Bernanke, Mervyn King etc all had said before the subprime crisis that they would not intervene in financial markets. The outcome of financial decisions of various firms would have to be faced by respective firms. If they had stuck to their words, we would have called these policies as time consistent. Meaning your actions in future (not to intervene) were consistent with the policies made in the past.

However, they had to intervene and this made the policy time inconsistent. The financial markets knew all along the central bankers would be intervening as similar experiences had been seen in the past. The financial markets piled on huge risks knowing central banks and other authorities will have to intervene as health of financial system was important. This is exactly what moral hazard is and time consistent is another way to understand the approach.
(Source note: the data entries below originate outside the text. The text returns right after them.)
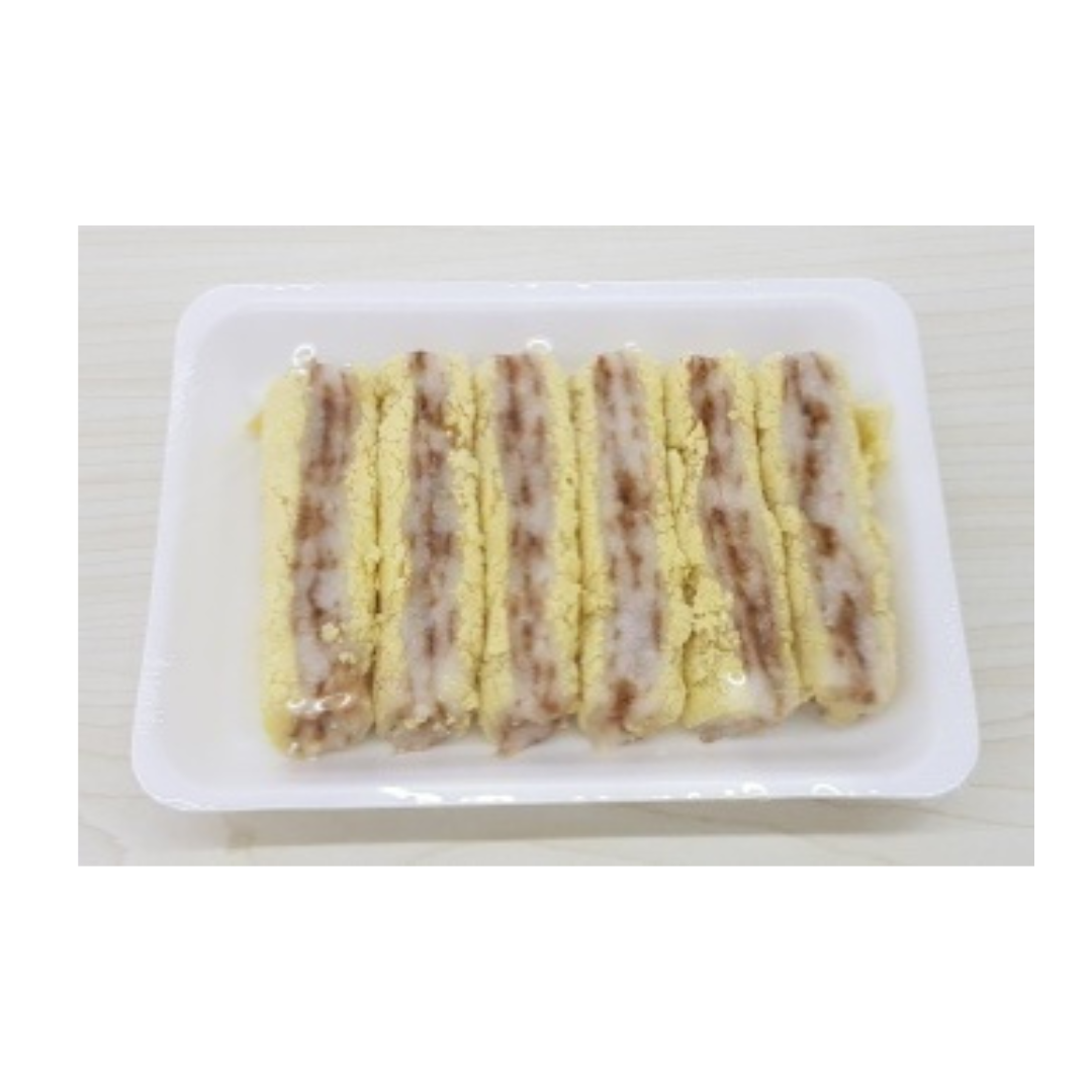 - Jenis: Tteok isi kacang dengan lapisan tepung castella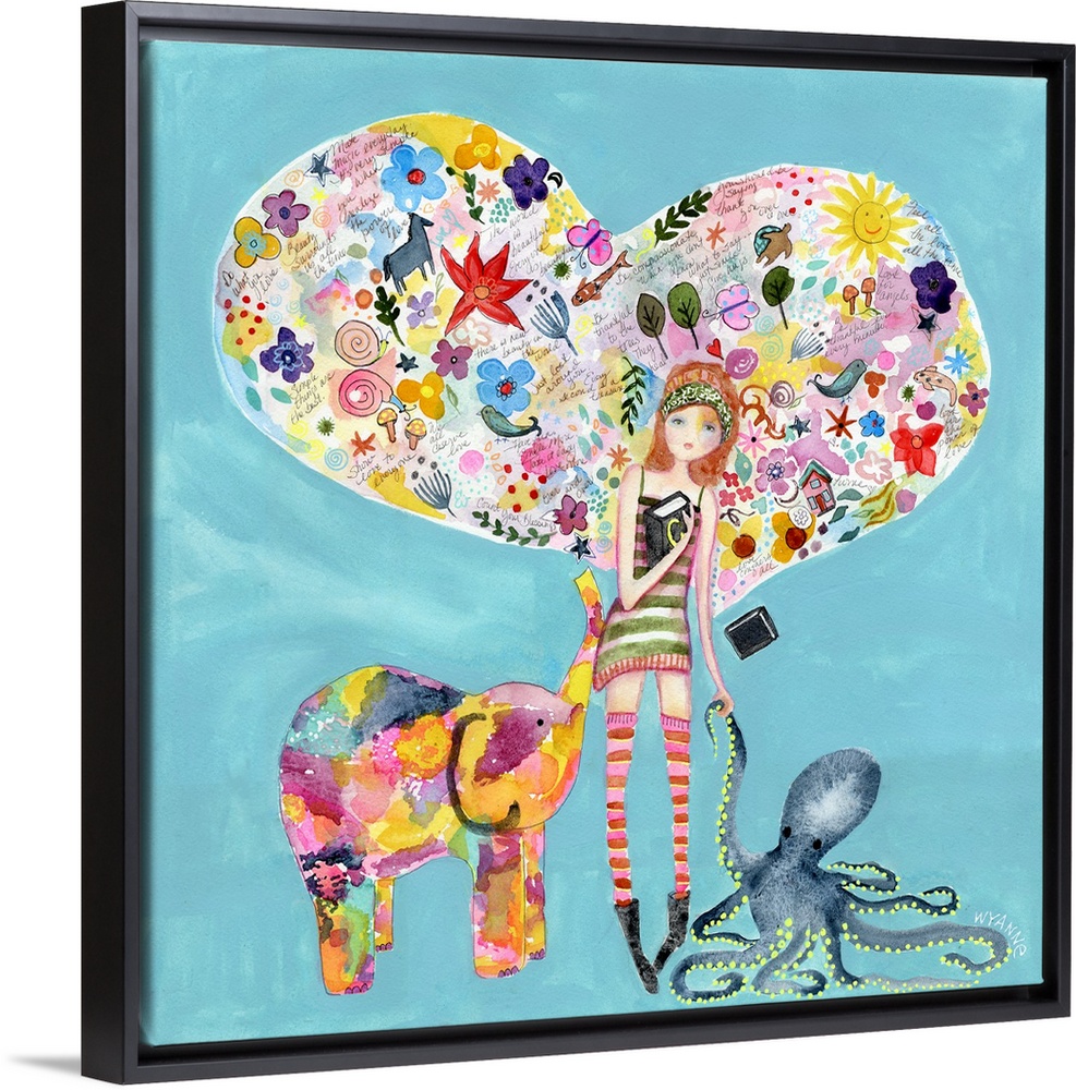 <p>A girl with an elephant and octopus with a heart full of flowers.</p>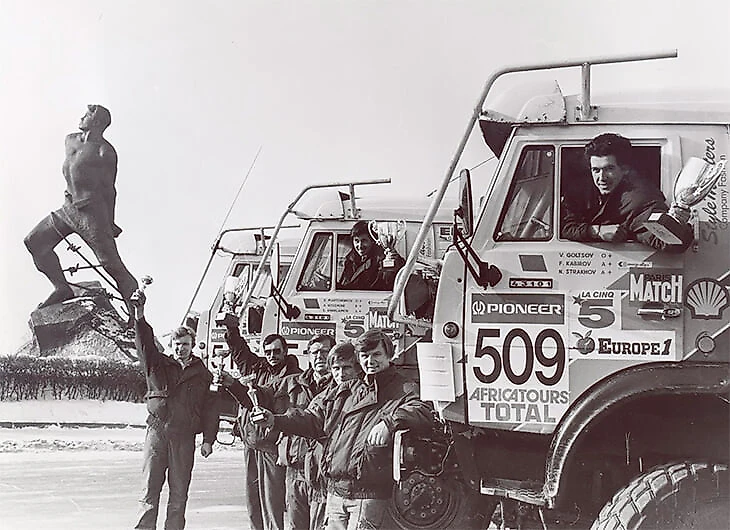 Да, Лакеев стал первым россиянином, финишировавшим на «Дакаре» в классе внедорожников, но титул «первого финишировавшего на «Дакаре» россиянина во всех классах» принадлежит не ему. Все из-за легендарного завода из Набережных Челнов – в 1988-м там решили повторить формулу успеха дилерской компании Пока и тоже войти со своей продукцией в мир ралли-рейдов. Несколько лет подготовки и обкатки техники на польском ралли «Ельч» и африканской «Обжектив Сюд» – и грузовики из Татарстана успели добраться до легендарного рейда еще до развала Советского союза.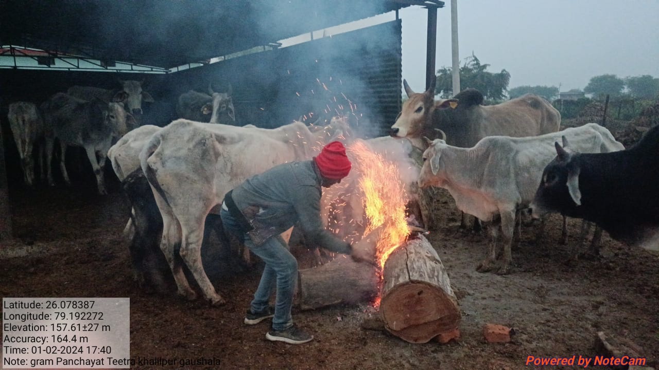 *तस्वीरों में साफ देखा जा सकता है कि नदीगांव विकासखंड” के ग्राम पंचायत तीतरा खलीलपुर में सर्द रातों में ग्राम प्रधान प्रतिनिधि प्रवीण परिहार व गौशाला केयर टेकर कल्लू बाल्मिकी के साथ कर रहे व्यवस्था।*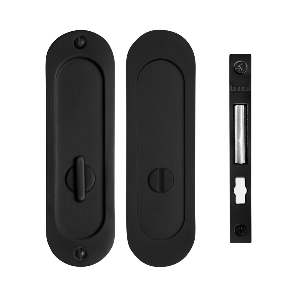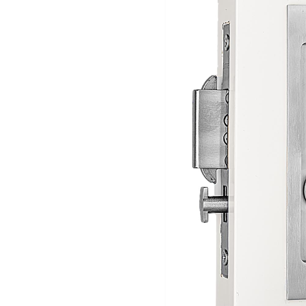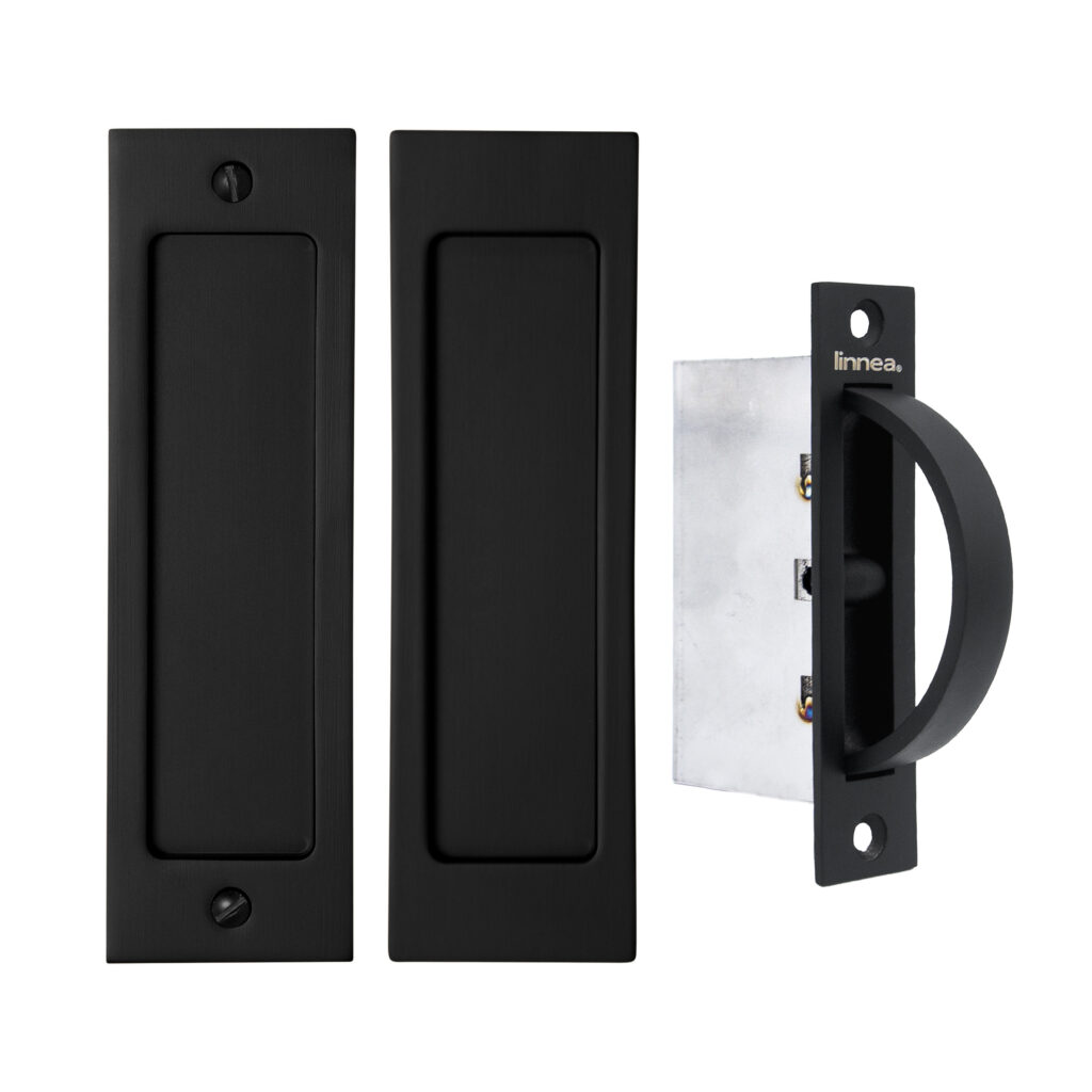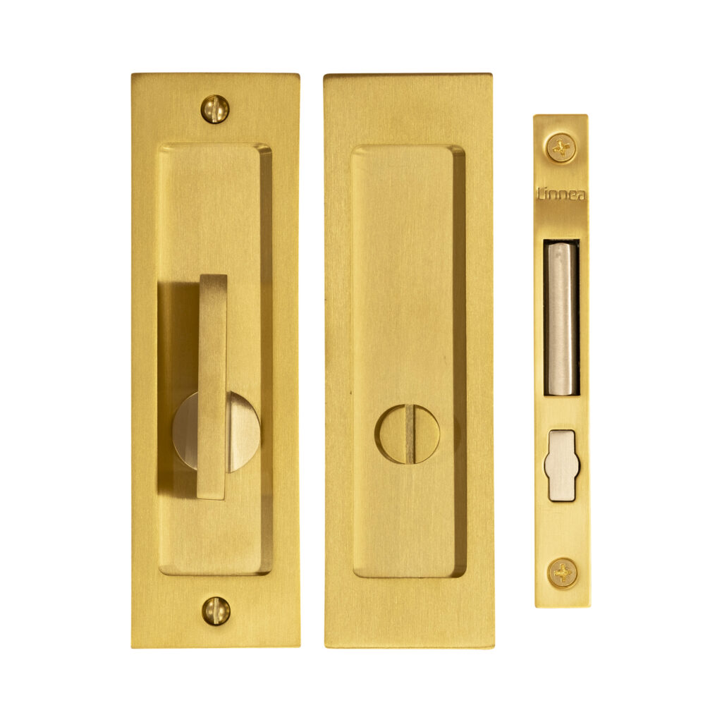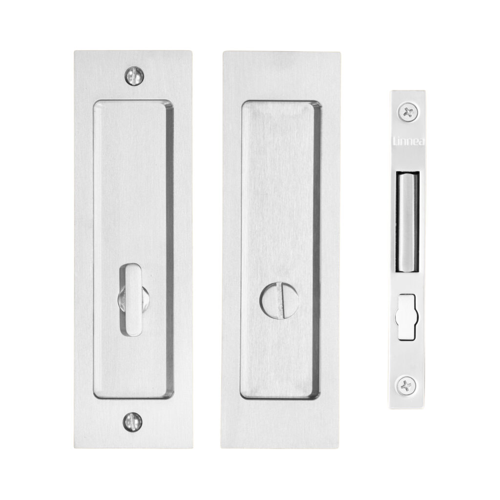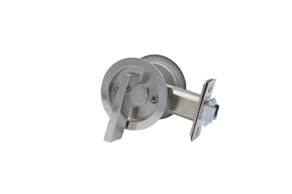 Stainless steel pocket door lock featuring a deep bucket, an extended lip for better grip, and a substantial gauge for a contemporary look. Choose from a variety of security options for a variety of spaces.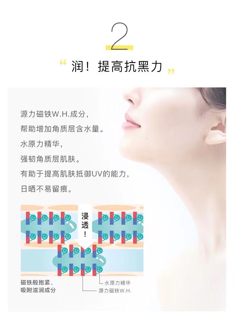 它用了一个特殊的W.H防御成分,大大削弱了黑色素的形成,在使用的时候,你就能明显感受到水能快速渗透进肌肤,马上嗖嗖"吃"进去那种,像嗦粉一样。实验室对照数据表明其吸收效率高达5倍,深润保湿的同时不粘腻。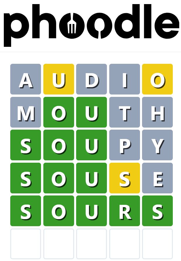 Phoodle is another Wordle-inspired game we have found, which is another food-related game. Players need to guess the five-letter food-related term, which can be anything from appliances to famous chefs and more.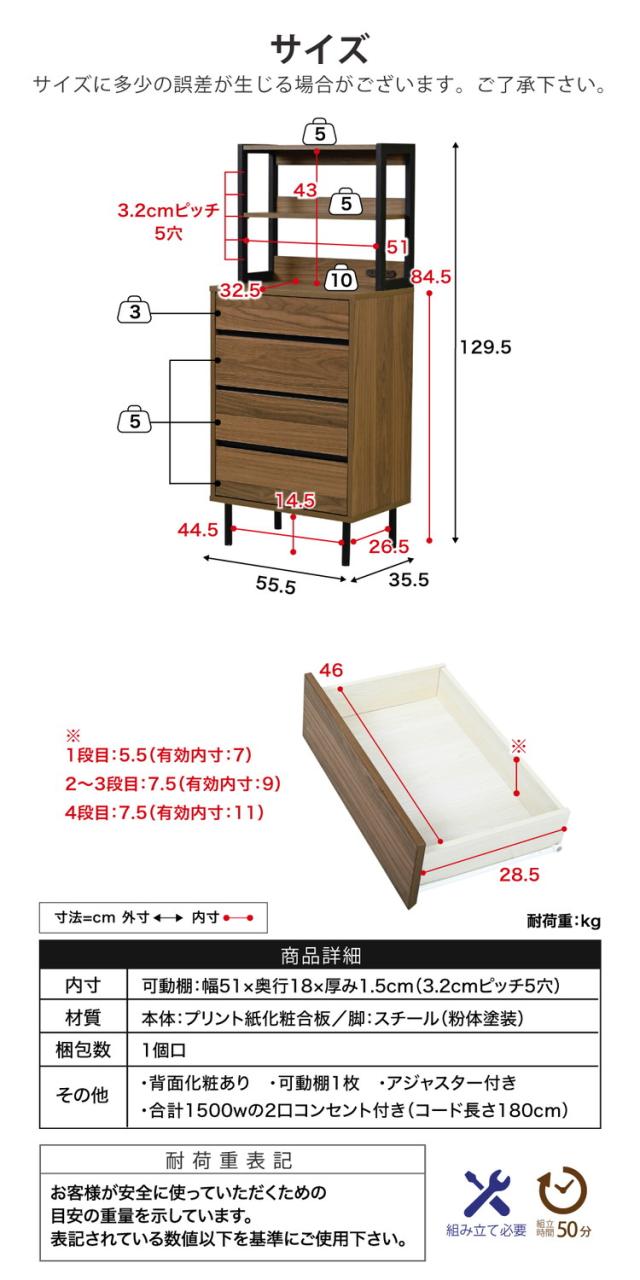 ハイチェスト 幅55.5 ラック付きチェスト スリムチェスト 4段 プリンター台 プリンターラック 木製 スリム 北欧 収納 ブラック ブラウン 脚付き サイドボード 奥行35.5cm 引き出し付き(代引不可)【送料無料】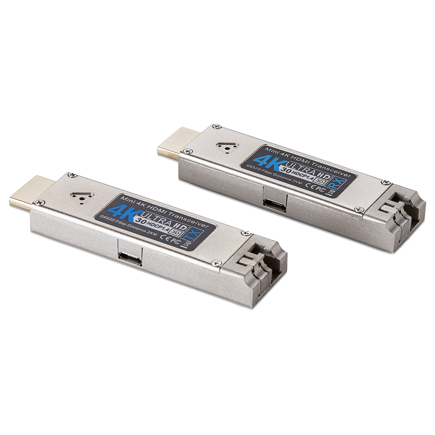 该款产品采用一芯光纤传输4K*2K*60Hz 视频信号,可实现无延时、无压缩、高质量的信号延长10公里。
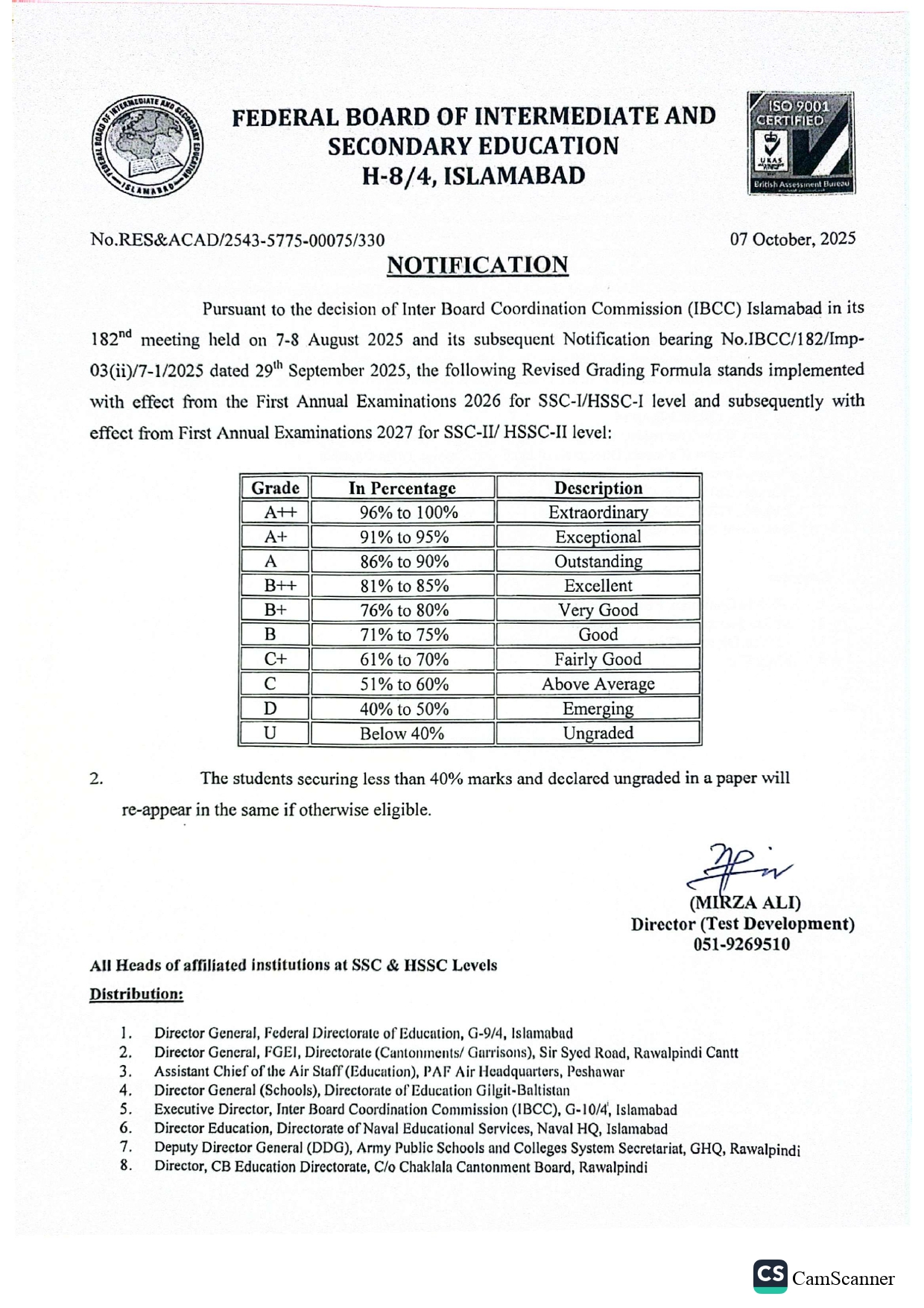 According to the official notification, the decision was made after comprehensive consultation with the Inter-Board Coordination Commission (IBCC), which reviewed grading and assessment criteria across all educational boards in Pakistan. The move aims to enhance the quality of education, ensure better academic standards, and bring Pakistani evaluation methods in line with international education systems.

The problem is not as much with current intervention but more with this time inconsistent policies with respect to financial sector. As a result, the risks get bigger with profits going to the firms and losses going to the taxpayers. This is leading to other issues like Too Big to Fail where a financial firm is bailed out as it is considered too big to fail.

Time consistency is as important a concept. The best way to follow it is to have some rules. That is why we have inflation targeting and even our FRBM act is a fine example of the idea. The problem is making rules to limit moral hazard in financial sector. How can we do it?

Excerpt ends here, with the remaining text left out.